Sunday/Monday - April 24/25
DAVID COPPERFIELD 1935 - **** (dir. George Cukor) / ALICE IN WONDERLAND 1933 - ***1/2 - (Norman Z. McLeod)
Fields as Humpty Dumpty! Cary Grant as a mockturtle! Etc. Weird but great in its weirdness (see here) COPPERFIELD: Fields was a huge Dickens fan and gave this his all -- but it's no comedy, especially with Basil Rathbone as the sadistic evil stepfather, and Fields only shows up towards the second half. But once he does show up he's so great, and the previous stuff is so grim, that tears shall surely ensue.

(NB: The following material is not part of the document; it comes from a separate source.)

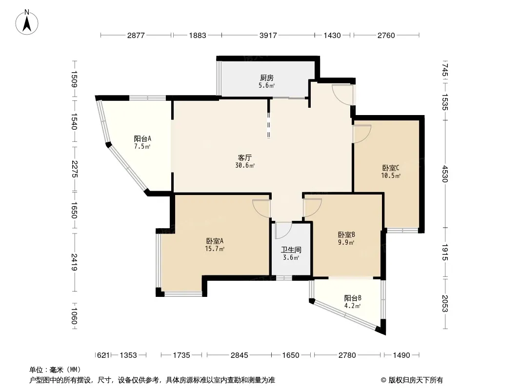 户型齐全,主打户型方正,明卫三居

So if you're in NYC this coming weekend, look around for me! Say hi! Say, what's up!? You're not a jabberknowl, you're not a mooncalf, you're not those things, are you? Speaking of which, there's always some weird old man with a green plastic binder who sits right next to me, unbidden, whenever I go to revivals at the Forum, and he grins and looks at me during the jokes! It blows my mind, I can't escape him, so if you can't find me, just look for him, and shudder...

4 comments:

  1. Godfrey Daniels!! I do so wish this festival would be repeated on the West Coast. Haven't had such a blatant victimization by circumstance since that cur stole the cork from my lunch!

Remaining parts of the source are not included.